The function $f = (1+\mathrm{id})^\alpha-1$ is analytic at zero, hence for $X$ continuous one has by Émery's formula $$ Y = f'(0)\cdot X + \frac{1}{2}f''(0)\cdot [X,X].$$ For details see https://arxiv.org/abs/2006.11914.

You can also do this by hand, write down the Ito formula for $Z=\mathcal{E}(X)^\alpha$ and observe that it gives $dZ_t = Z_t dY_t$ with $Z_0=1$. Hence $Z=\mathcal{E}(Y)$.


Recall that for a continuous semimartingale $Z_t$ that starts at zero, its Doléans-Dade exponential is given by $$\mathcal{E}(Z)_t = \exp \left( Z_t - \frac{1}{2}\left\langle Z \right\rangle_t \right)$$

Thus, for $X$, we have $$\mathcal{E}(X)_t^n = \exp \left( nX_t - \frac{1}{2}n\left\langle X\right\rangle_t \right)$$

Now, note that $\left\langle Y \right\rangle_t = \left\langle nX \right\rangle_t = n^2\left\langle X \right\rangle_t$, since the second term in the definition of $Y$ is of locally bounded variation.
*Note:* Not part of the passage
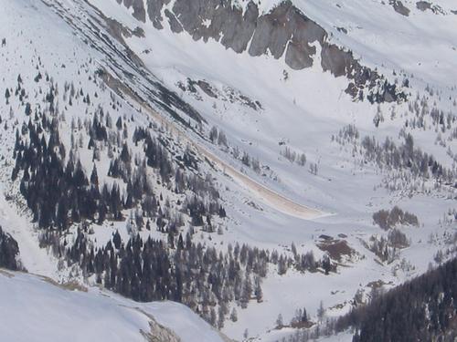 Aus etlichen sonnenbeschienenen Steilhängen sind größere Grundlawinenabgänge erkennbar.

Thus, $$ \begin{align*} \mathcal{E}(Y)_t &= \exp \left( nX_t + \frac{1}{2}n(n-1)\left\langle X \right\rangle_t - \frac{1}{2}n^2\left\langle X \right\rangle_t\right) \\ &= \exp \left( nX_t - \frac{1}{2}n\left\langle X \right\rangle_t\right) \\ &= \mathcal{E}(X)_t^n \end{align*}$$ As desired.